The SE corner of Costa Rica is home to the country’s largest mangrove swamp and Corcovado’s isolated tropical rainforest park (50% of all of Costa Rica’s species!). The park is 17km from equally isolated Bahía Drake, a craggy stretch of coastline with sandy inlets that disappear at high tide. Reaching Drake by motorboat was pretty through the mangroves; there are no jetties so the rich tourists struggled with their expensive footwear, cameras and excessive luggage. The alternative route is six hours in a 4×4 on rough dirt roads. Our motorcross friends thought it was thrilling, but not possible on our bikes.
We enjoyed part of the coastal trail towards the park, 17km away, through steamy hot forest and untouched beaches, but not much wildlife, some scary spiders and pairs of macaws, flashing red, squawking above. The park is expensive to access, hike and lodge (unless you camp) some visitors told us they didn’t see much but were massacred by insects. We decided it was beyond our budget, besides, we cannot cope with the lowland heat.

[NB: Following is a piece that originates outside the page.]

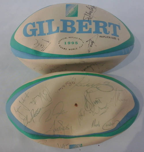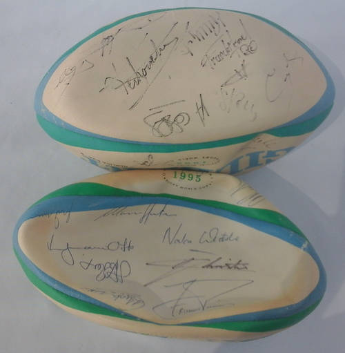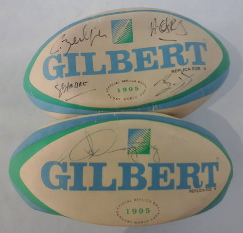 1995 GILBERT RUGBY BALLS originally signed by TWO RUGBY TEAMS
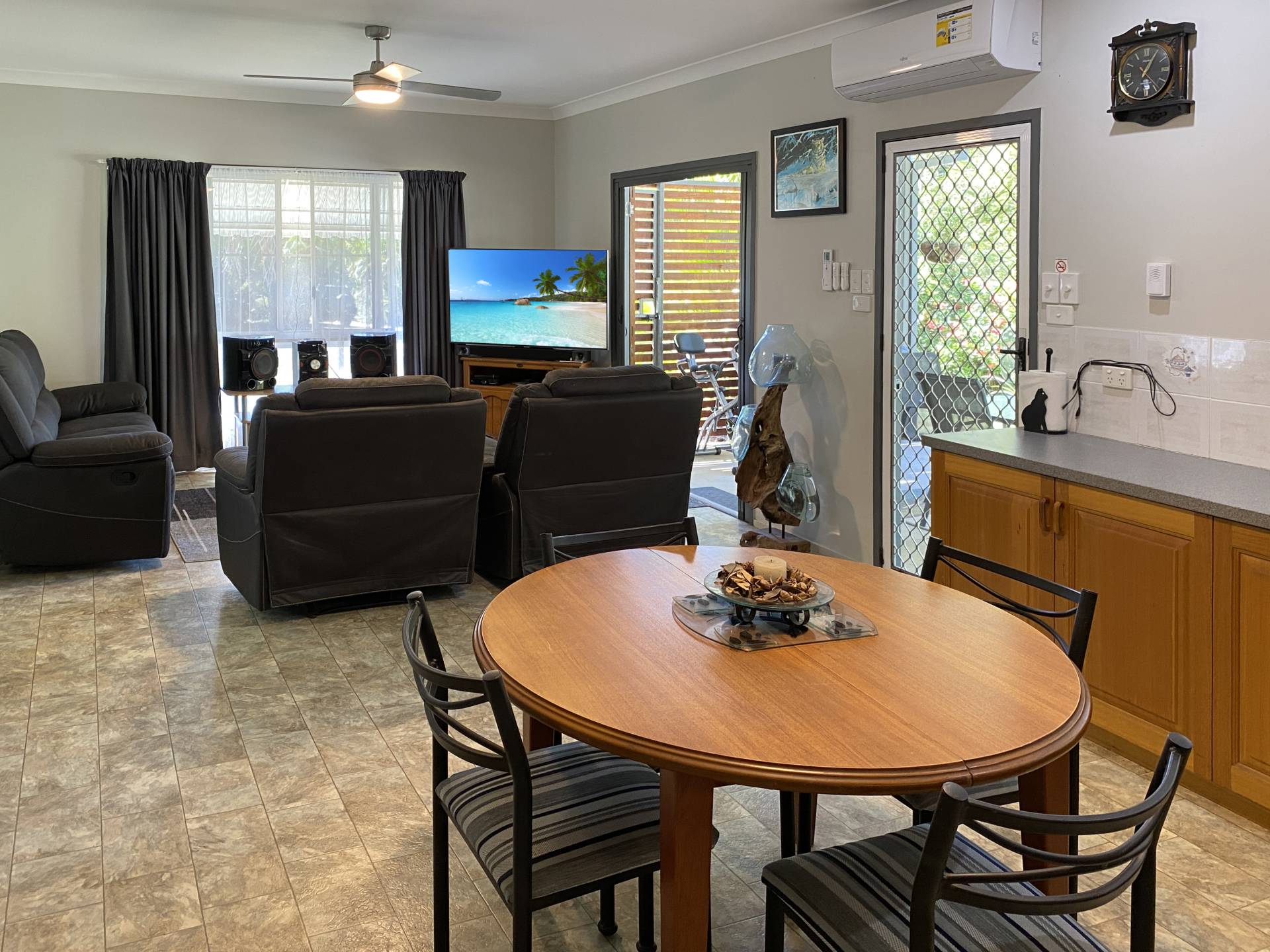 • Open-plan living/dining/kitchen opening onto the large covered patio

Our speedboat ride returning to Sierpe was pretty thrilling. The young driver could not have accelerated or decelerated any faster, me, lurching and gripping, no life jackets, look forward! Then we sped between the rocks marking the mouth of the river, and rode along the back of a 6’ breaking wave. Too exciting to be scared, boat tilted at 45’, parallel to a wall of white water descending below, and racing towards a wave breaking ahead. Then we reached deeper mid-channel, a quick 45’ turn and somehow we were between then ahead of both waves. No time to recover as we blasted up the channel. Phew!!